Prove that for all k$\in \mathbb N$, k > 1; they're exists n$\in \mathbb N$ , n < 2k such that
$\frac {\sigma(n)}{n} = \frac{k+1}{k}$. [Here $\sigma(n)$ denotes the sum of positive divisors of n; as usual.]

[mutasimmim]

What about $k=4$? And

they're

should be there.

[Fm Jakaria]

hmm....... If,we give n freedom, then ?(edited problem)

[Nirjhor]

The assertion is clearly true for prime \(k\) since you can just take \(n=k\). But not for composite \(k\).

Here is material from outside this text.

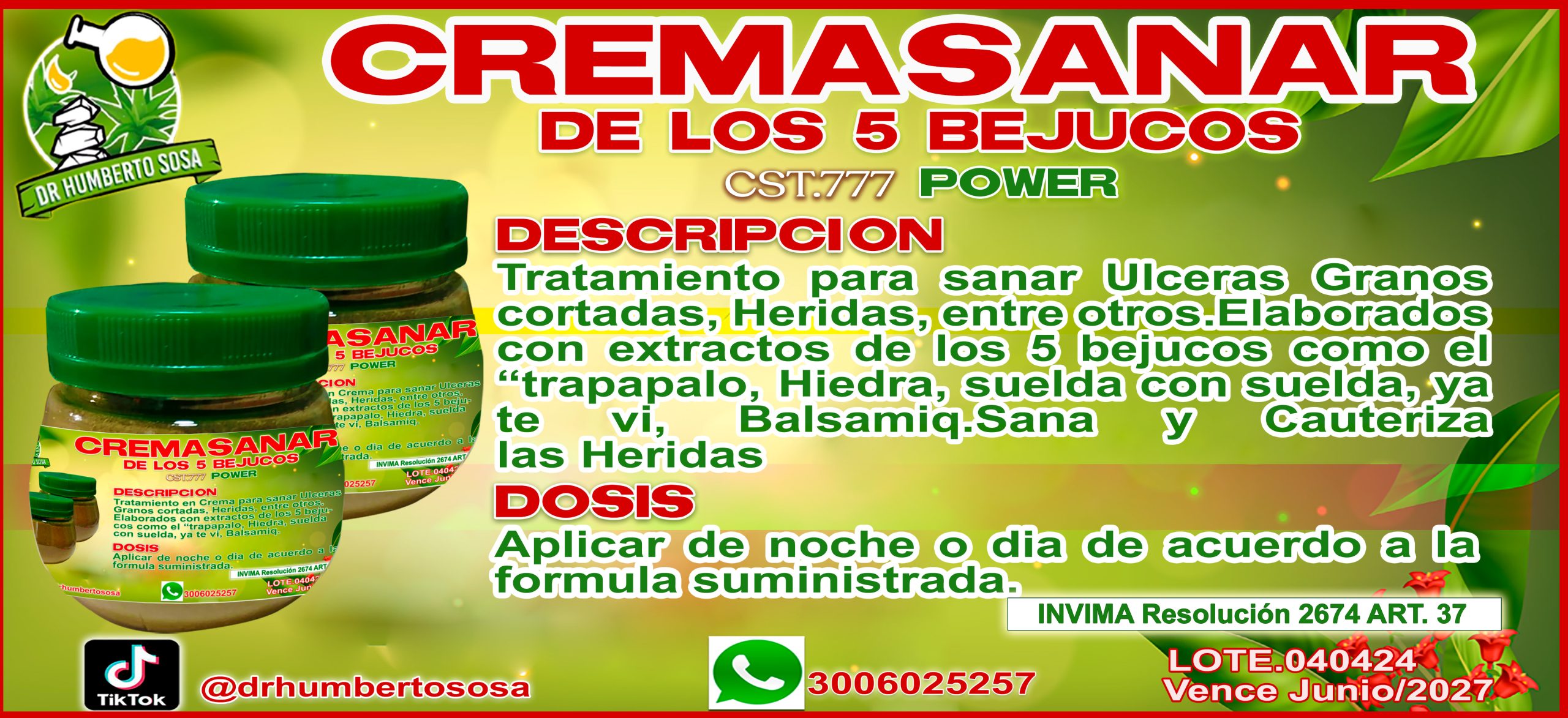 Tratamiento para sanar úlceras, granos cortados, heridas, entre otros.Elaborados con extractos de los 5 bejucos como el “trapapalo», Hiedra, suelda con suelda, ya te vi, Balsamiq. Sana y Cauteriza las Heridas
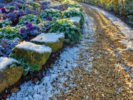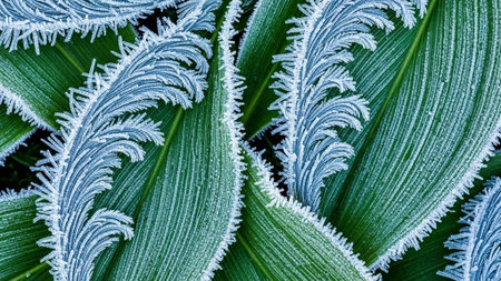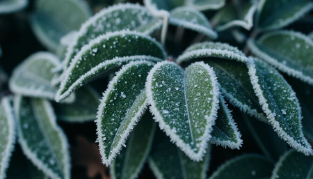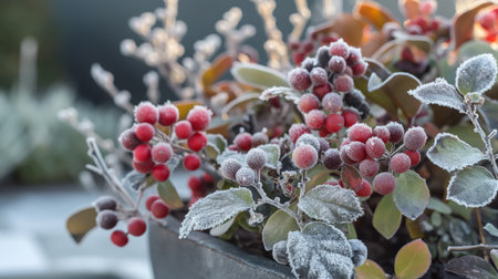 Serene winter garden scene with vibrant red berries and green leaves delicately edged with morning frost in soft daylight

Notice that for composite \(k\) you must take composite \(n\). So \(\tau(n)\ge 3\). Let the divisors of \(n\) be \(1<d_1<d_2<\cdots<d_i<n\). Then \(\sigma(n)=1+n+\sum d_j\). Make this simple observation that \(d_j=n/d_{i-j}\). This implies \[1+\dfrac{1}{k}=\dfrac{\sigma(n)}{n}=\dfrac{1+n+\sum d_j}{n}=1+\dfrac{1}{n}+\sum\dfrac{d_j}{n}=1+\dfrac{1}{n}+\sum \dfrac{1}{d_j}.\] So we are looking for \(n\) so that \(1/k=1/n+\sum 1/d_j\) for a fixed \(k\) where \(d_j\mid n\). Now notice that \(k\mid n\) so we must have \(d_n=k\) for some \(n\). This cancels out the \(1/k\) and leaves us with the equation \(1/n+\sum 1/d_j=0\) which is never possible.

[mutasimmim]

we give n freedom

What do you mean? Please explain.

(edited problem)

I don't see how you've edited the problem.